During flips, bats are able to keep track of their orientation in space thanks to a surprisingly complex 'head-direction' system.

The brains of bats have a neuronal 'compass' that enables them to navigate in three dimensions.

The discovery, published in Nature1 on 3 December, explains the long-standing mystery of how bats — and perhaps other mammals such as monkeys, which do not fly but swing between branches — manage to orient themselves in the air as well as on the ground.

The ‘bat-nav’ system is “surprising — but also surprising in its beauty”, says May-Britt Moser, a neuroscientist at the Norwegian University of Science and Technology in Trondheim, who shared this year’s Nobel Prize for Physiology or Medicine for the discovery of a two-dimensional navigation system in the brains of rats.
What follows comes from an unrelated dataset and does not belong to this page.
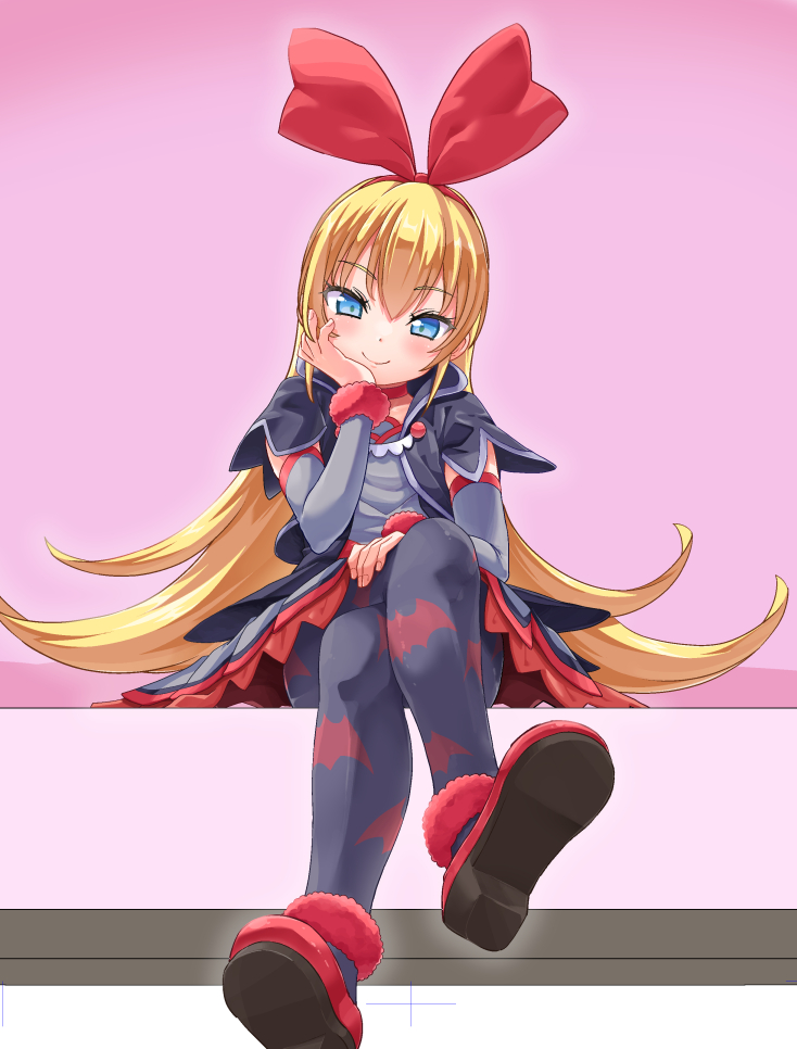 1girl animal_print anklet bat_print black_jacket black_pantyhose blonde_hair blue_eyes bow bow_hairband choker closed_mouth commentary_request crossed_legs detached_sleeves dokidoki!_precure dress flipped_hair full_body fur-trimmed_sleeves fur_trim grey_dress grey_sleeves hair_bow hairband hand_on_own_cheek hand_on_own_face jacket jewelry kakkuu_(clutch_shot_king) large_bow long_hair long_sleeves looking_at_viewer open_clothes open_jacket pantyhose precure print_pantyhose red_bow red_choker red_hairband red_shoes regina_(precure) shoe_soles shoes short-sleeved_jacket short_sleeves smile solo very_long_hair

Computational neuroscientist Andreas Herz, from the University of Munich in Germany, adds that the simple elegance of the neural coding that makes up the compass has wider implications for how the brain computes.

These systems are not 'compasses' in the sense that they detect the geomagnetic north, and in fact they are not sensory organs at all but simply systems for keeping track of information that the brain has integrated from the senses.

Smart cells

In her work, Moser and her collaborators had found that rats have specialized neural cells for navigation. In particular, the researchers found, the rodents have 'head-direction' cells, contained in a brain area called the presubiculum. Different cells in the head-direction system fire depending on which direction on the horizontal plane the animal points its head.

Now, Nachum Ulanovsky and his colleagues at the Weizmann Institute of Science in Rehovot, Israel, have discovered that the head-direction cells in the Egyptian fruit bats that they studied are more complex than those in rats. In addition to cells that fire depending on horizontal direction, the bats also have some that fire only when the creatures move their heads up and down (change pitch) or rotate in the roll axis.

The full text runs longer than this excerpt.